I pushed the door hard, it was an old door, so loose on its hinges that it hit the jamb and swung back, opening again. So I kicked it furiously until it closed. Then I ran to the balcony while the dog, worried, grumbled beside me. I waited for Mario to appear in the street, I cried desperately:

“Tell me where you live, or at least leave me a phone number! What do I do if I need you, if the children are ill…”

He didn’t even raise his head. I shouted at him, beside myself:

“I want to know the name of that whore, you’ve got to tell me… I want to know if she’s pretty, I want to know how old she is…”

Mario got in the car, started the engine. The car disappeared behind the foliage in the middle of the little square, reappeared, disappeared again.

“Mamma,” Gianni called.

9

I turned around. The children had opened the door of their room, but they didn’t dare to cross the threshold. My appearance could not have been reassuring. From there, in terror, they were spying on me.
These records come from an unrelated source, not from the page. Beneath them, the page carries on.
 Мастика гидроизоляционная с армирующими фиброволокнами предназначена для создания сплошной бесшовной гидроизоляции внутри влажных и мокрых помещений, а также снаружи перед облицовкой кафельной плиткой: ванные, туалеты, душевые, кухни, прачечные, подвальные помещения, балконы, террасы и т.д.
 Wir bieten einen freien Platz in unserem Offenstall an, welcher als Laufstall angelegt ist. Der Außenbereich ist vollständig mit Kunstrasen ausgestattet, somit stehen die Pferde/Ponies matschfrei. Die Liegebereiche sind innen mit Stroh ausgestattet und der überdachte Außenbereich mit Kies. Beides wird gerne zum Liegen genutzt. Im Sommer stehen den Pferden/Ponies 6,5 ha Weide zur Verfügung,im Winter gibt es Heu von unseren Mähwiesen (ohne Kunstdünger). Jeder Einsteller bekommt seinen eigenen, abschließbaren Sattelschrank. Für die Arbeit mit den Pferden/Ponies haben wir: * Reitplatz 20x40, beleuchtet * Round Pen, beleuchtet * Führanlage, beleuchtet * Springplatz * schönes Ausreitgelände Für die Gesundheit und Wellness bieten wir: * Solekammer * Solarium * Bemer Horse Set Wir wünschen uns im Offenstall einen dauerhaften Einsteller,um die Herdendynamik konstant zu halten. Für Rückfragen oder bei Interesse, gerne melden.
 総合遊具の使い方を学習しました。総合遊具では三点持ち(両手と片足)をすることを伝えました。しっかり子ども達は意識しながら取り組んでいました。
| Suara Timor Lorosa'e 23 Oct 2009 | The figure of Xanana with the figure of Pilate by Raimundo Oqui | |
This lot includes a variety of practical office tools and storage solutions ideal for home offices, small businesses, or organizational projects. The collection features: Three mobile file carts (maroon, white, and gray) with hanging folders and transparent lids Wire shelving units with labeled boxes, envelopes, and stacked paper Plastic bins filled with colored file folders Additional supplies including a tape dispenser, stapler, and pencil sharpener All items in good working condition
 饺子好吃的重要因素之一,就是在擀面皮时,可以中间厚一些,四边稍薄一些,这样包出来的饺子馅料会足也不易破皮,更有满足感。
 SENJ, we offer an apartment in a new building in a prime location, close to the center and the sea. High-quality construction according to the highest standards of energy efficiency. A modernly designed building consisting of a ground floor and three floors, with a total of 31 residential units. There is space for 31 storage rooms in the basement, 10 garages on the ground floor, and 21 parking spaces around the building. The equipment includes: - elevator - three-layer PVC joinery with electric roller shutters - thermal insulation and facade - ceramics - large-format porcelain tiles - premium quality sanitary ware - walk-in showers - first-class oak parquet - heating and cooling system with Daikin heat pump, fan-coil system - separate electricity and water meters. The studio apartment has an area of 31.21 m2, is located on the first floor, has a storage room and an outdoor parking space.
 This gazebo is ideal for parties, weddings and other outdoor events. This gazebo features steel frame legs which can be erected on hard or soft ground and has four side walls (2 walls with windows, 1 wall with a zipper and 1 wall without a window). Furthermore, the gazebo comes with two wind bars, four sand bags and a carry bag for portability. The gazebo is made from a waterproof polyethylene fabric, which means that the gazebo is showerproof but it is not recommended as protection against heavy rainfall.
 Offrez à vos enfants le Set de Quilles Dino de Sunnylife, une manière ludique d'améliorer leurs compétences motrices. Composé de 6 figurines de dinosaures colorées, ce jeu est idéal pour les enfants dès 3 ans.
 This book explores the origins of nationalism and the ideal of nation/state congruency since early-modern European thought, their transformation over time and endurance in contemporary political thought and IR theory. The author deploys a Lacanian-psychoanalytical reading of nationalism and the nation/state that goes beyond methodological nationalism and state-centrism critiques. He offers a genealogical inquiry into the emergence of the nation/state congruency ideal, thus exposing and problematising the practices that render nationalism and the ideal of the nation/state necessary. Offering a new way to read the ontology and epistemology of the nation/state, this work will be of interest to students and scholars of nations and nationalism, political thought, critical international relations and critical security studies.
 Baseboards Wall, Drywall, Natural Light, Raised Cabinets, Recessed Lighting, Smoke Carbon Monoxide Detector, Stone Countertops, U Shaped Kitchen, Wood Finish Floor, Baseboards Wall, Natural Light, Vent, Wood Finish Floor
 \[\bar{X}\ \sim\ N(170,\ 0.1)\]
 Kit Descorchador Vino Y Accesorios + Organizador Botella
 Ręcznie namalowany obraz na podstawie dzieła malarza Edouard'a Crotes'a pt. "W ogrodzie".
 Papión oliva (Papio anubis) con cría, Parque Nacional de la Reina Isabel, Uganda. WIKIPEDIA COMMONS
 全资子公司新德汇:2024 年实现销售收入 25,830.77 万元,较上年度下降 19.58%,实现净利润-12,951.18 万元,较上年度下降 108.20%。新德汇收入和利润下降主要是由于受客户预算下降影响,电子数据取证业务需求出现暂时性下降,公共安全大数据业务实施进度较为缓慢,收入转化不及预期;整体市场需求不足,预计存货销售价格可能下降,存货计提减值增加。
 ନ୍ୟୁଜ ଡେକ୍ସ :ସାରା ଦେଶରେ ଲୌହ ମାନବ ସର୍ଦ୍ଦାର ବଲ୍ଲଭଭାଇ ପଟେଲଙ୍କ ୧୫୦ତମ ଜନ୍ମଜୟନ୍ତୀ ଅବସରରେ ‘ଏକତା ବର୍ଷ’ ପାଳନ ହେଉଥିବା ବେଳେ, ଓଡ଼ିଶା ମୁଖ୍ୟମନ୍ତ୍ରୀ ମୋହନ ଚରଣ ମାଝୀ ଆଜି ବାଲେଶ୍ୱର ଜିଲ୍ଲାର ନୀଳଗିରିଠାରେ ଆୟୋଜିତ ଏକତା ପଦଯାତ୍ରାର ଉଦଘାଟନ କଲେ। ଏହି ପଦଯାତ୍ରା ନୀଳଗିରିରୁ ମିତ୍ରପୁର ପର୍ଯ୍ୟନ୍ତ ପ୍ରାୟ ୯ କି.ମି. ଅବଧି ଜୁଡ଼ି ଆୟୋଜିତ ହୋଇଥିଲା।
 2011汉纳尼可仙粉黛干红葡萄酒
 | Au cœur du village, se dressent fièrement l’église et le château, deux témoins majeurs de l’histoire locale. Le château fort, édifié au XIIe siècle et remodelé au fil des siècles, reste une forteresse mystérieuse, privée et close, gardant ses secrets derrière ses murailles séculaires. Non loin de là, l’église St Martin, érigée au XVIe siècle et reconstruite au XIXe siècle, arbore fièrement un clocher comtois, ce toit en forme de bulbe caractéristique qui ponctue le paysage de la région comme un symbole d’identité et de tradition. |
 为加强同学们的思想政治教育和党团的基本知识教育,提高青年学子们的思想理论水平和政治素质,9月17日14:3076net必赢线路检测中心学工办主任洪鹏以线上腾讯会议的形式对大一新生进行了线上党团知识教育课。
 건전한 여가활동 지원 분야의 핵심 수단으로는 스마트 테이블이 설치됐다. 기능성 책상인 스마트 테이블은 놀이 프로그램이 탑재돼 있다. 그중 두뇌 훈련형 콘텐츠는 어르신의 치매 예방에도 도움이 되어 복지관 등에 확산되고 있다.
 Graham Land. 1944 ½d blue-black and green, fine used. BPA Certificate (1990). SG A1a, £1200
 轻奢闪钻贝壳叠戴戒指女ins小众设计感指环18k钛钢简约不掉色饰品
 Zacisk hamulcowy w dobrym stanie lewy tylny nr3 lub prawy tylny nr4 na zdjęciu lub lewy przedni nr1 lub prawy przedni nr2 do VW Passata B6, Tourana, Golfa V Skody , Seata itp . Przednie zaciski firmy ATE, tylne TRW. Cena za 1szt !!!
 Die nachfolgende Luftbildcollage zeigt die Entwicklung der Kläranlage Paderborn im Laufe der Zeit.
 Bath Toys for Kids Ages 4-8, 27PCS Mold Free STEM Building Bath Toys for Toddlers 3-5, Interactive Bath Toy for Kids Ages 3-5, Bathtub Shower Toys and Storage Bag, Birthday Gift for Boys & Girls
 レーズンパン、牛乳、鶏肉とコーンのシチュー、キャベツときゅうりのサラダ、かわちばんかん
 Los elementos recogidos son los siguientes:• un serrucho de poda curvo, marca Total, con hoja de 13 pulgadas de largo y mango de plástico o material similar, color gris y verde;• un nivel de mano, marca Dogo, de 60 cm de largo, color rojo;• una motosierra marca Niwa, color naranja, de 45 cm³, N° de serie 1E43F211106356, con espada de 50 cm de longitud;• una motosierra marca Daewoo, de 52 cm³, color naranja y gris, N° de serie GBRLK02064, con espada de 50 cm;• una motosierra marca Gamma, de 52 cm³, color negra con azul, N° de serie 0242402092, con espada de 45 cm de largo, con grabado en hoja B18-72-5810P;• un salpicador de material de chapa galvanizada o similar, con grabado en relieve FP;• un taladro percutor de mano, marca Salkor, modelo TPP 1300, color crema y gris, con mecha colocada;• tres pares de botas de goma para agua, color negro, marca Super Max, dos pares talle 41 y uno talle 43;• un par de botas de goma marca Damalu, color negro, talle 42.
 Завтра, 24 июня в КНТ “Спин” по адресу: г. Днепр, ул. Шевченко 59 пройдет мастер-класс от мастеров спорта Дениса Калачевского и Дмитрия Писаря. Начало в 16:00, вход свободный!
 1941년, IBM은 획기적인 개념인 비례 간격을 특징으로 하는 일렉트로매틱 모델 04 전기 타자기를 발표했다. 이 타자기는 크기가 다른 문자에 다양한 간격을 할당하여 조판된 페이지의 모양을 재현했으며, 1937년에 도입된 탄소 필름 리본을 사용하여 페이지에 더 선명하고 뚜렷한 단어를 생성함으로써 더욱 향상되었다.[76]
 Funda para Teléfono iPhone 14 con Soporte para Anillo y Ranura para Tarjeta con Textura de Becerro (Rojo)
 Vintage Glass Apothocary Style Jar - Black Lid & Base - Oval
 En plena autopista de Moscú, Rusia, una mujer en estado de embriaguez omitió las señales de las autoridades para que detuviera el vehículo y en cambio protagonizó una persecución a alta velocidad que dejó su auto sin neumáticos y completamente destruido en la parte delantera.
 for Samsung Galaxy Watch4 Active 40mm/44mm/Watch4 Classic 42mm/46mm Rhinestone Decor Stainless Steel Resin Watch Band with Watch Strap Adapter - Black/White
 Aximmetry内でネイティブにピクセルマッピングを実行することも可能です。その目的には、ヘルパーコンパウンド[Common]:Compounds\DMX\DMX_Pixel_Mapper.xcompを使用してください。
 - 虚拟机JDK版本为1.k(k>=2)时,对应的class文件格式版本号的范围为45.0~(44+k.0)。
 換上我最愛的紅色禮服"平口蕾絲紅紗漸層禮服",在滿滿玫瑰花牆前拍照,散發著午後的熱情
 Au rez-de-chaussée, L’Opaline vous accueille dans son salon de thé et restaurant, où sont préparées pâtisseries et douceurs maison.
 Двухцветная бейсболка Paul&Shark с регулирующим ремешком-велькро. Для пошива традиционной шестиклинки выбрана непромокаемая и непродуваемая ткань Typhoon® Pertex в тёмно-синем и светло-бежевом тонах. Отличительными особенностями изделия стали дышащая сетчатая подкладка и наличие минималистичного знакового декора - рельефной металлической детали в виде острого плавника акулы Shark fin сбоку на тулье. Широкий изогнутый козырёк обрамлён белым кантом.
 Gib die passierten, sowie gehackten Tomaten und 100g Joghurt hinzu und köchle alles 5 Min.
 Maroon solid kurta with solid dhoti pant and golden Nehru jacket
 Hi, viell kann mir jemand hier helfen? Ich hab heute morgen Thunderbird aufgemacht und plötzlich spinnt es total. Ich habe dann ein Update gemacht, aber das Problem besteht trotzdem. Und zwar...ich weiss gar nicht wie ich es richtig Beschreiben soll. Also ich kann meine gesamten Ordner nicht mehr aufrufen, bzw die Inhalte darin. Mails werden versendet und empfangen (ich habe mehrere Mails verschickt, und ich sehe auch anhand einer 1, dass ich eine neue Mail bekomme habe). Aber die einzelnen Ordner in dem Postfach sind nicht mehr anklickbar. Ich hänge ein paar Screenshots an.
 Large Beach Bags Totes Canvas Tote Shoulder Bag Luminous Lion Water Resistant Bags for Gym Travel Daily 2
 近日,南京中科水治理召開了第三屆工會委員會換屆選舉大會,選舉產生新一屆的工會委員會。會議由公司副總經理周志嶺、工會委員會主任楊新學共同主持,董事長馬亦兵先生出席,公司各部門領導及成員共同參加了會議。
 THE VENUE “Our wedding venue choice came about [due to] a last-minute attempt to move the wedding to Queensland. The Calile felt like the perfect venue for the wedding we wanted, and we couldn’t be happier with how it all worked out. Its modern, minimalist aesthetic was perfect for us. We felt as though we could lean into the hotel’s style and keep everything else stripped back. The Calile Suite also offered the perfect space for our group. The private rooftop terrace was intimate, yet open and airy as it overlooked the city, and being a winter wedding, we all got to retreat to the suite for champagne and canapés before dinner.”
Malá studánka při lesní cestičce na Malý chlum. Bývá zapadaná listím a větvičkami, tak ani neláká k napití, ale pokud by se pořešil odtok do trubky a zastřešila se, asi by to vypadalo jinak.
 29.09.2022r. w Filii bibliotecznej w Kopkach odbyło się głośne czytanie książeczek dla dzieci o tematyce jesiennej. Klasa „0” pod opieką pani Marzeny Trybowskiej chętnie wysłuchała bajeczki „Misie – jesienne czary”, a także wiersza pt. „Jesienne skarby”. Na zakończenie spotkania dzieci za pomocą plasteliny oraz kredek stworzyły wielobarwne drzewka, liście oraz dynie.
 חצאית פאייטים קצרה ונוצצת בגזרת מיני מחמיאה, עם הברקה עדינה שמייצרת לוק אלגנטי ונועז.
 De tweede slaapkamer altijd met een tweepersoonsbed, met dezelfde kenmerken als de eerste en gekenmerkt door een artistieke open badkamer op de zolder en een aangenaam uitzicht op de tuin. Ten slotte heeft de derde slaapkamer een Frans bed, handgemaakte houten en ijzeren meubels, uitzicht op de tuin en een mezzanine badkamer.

Their look was such that I thought that, like certain characters in tales of fantasy, they might see more than it was in reality possible to see. Maybe I had beside me, stiff as a sepulchral statue, the abandoned woman of my childhood memories, the poverella. She had come from Naples to Turin to grab me by the hem of my skirt, before I flew down from the fifth floor. She knew that I wanted to pour out on my husband tears of cold sweat and blood, cry to him: stay. I recalled that she, the poverella, had done that. One evening, she poisoned herself. My mother said in a low voice to her two workers, the one dark, the other fair: “The poverella thought her husband would be sorry and rush to her bedside to be forgiven.” But he was far away, prudently, with the other woman whom he now loved. And my mother laughed bitterly at the bitterness of that story and of others she knew, all the same. Women without love lose the light in their eyes, women without love die while they are still alive. She talked like this for hours while she cut out patterns and sewed for the clients who still, in the late sixties, had their clothes made to order. Stories and gossip and sewing: I listened. There, under the table, while I played, I discovered the need to write. The faithless man who fled to Pescara didn’t even come when his wife deliberately put herself between life and death, and an ambulance had to be called, to take her to the hospital. Phrases that remained in my mind forever. To deliberately put oneself between life and death, suspended like a tightrope walker. I heard my mother’s words and, I don’t know why, I imagined that for love of her husband the poverella was lying on the edge of a sword, and the blade had cut through her dress, her skin. When I saw that she had returned from the hospital, she seemed to me sadder than before; under her dress she had a dark-red cut. The neighbors avoided her, because they didn’t know how to speak to her, what to say.